Exercise details: Would you please restate the data exactly as it stands, apart from the pictures?

======== Recorded information ========

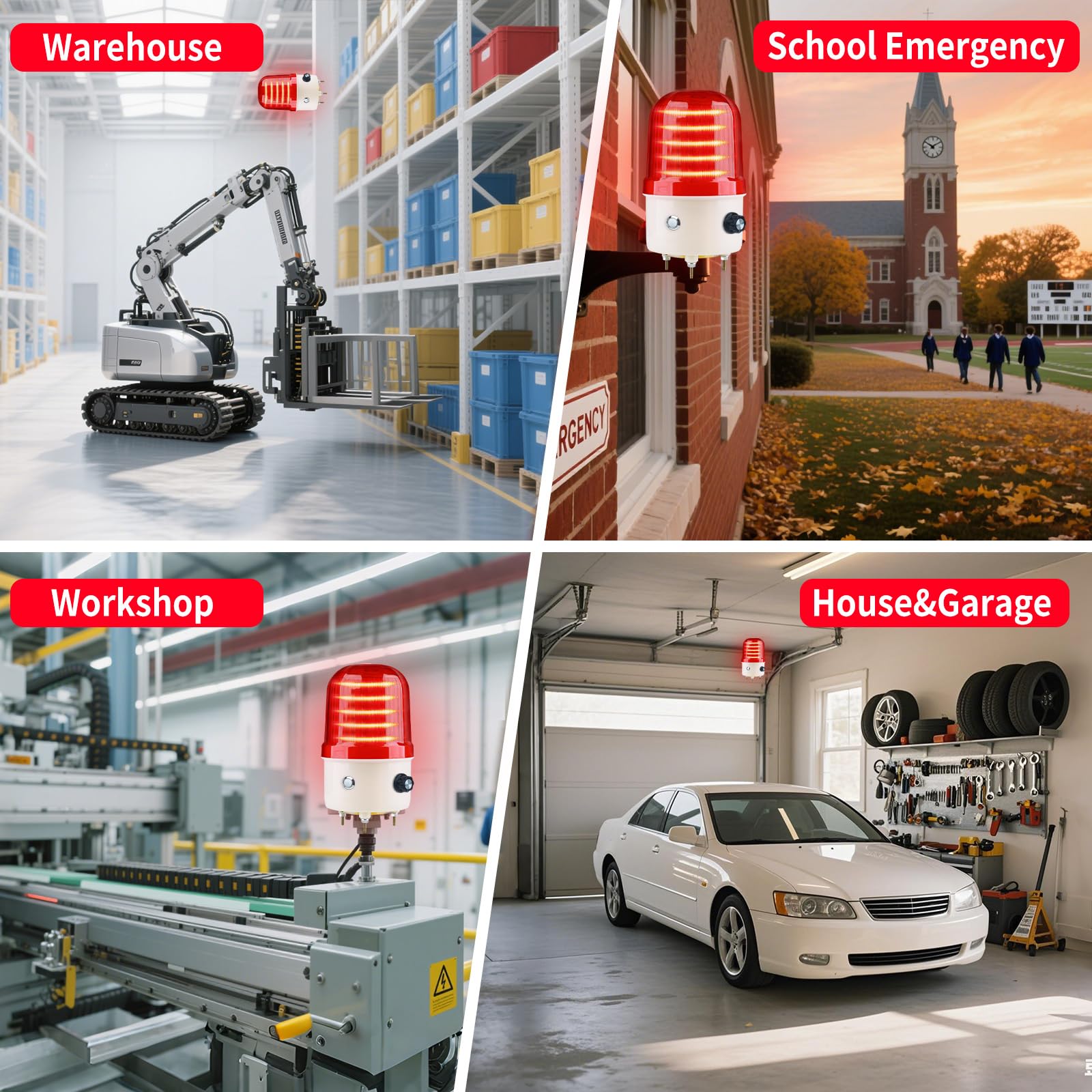 Versatile Use: Constructed with dust and moisture-resistant materials, suitable for a range of settings including factories, workshops, machinery, parking lots, schools, post offices, and garages.
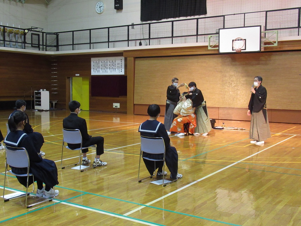 11月19日(木)島牧ä¸å¦æ ¡ã«ã¦ã€èŠ¸è¡“é‘‘è³žäº‹æ¥ãŒè¡Œã‚れ能楽を楽ã—ã¿ã¾ã—ãŸã€‚写真ã¯ç‹‚言「柿山ä¼ã€ã®ä¸€å ´é¢ã§ã™ã€‚
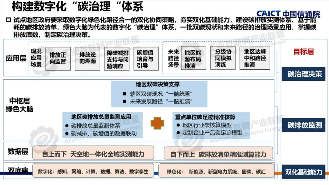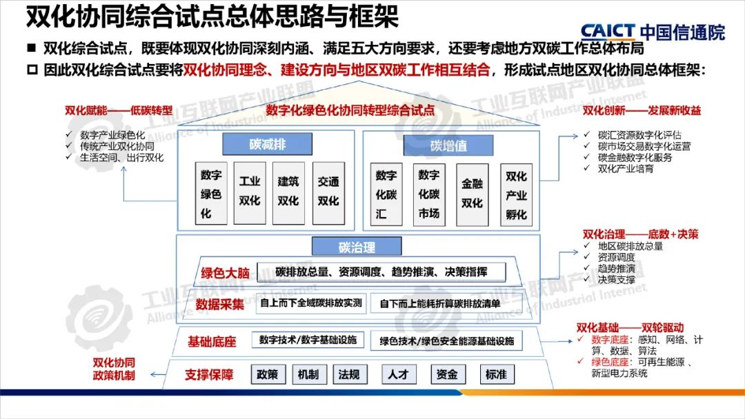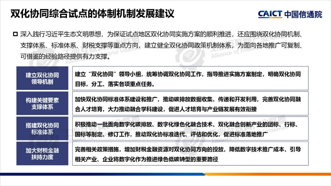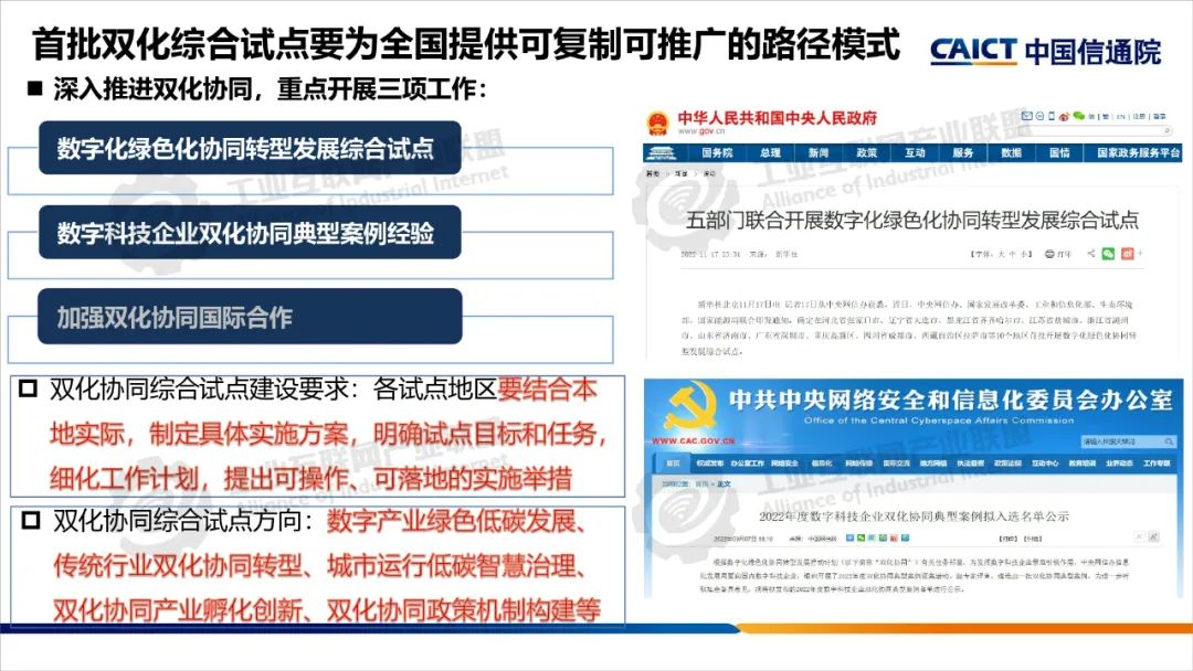 2022年,中央網信辦等五部門聯合開展了雙化協同綜合試點建設,要求各試點地區制定具體實施方案,部署了五大建設方向。雙化綜合試點地區要將雙化協同理念、建設方向與地區雙碳工作相互結合,從打造數字底座+綠色底座夯實雙化基礎,以雙化治理探明地區碳排放底數、支撐決策治理,以雙化賦能實現數字產業綠色化、傳統產業和生活低碳化,以雙化創新開展數字化生態資源、碳市場和碳金融的高效價值轉化,培育雙化新技術、新產業,最后還要配套雙化協同政策、要素、標準、財稅等機制創新。

========

Task result:
 Versatile Use: Constructed with dust and moisture-resistant materials, suitable for a range of settings including factories, workshops, machinery, parking lots, schools, post offices, and garages.
 11月19日(木)島牧ä¸å¦æ ¡ã«ã¦ã€èŠ¸è¡“é‘‘è³žäº‹æ¥ãŒè¡Œã‚れ能楽を楽ã—ã¿ã¾ã—ãŸã€‚写真ã¯ç‹‚言「柿山ä¼ã€ã®ä¸€å ´é¢ã§ã™ã€‚
 2022年,中央網信辦等五部門聯合開展了雙化協同綜合試點建設,要求各試點地區制定具體實施方案,部署了五大建設方向。雙化綜合試點地區要將雙化協同理念、建設方向與地區雙碳工作相互結合,從打造數字底座+綠色底座夯實雙化基礎,以雙化治理探明地區碳排放底數、支撐決策治理,以雙化賦能實現數字產業綠色化、傳統產業和生活低碳化,以雙化創新開展數字化生態資源、碳市場和碳金融的高效價值轉化,培育雙化新技術、新產業,最后還要配套雙化協同政策、要素、標準、財稅等機制創新。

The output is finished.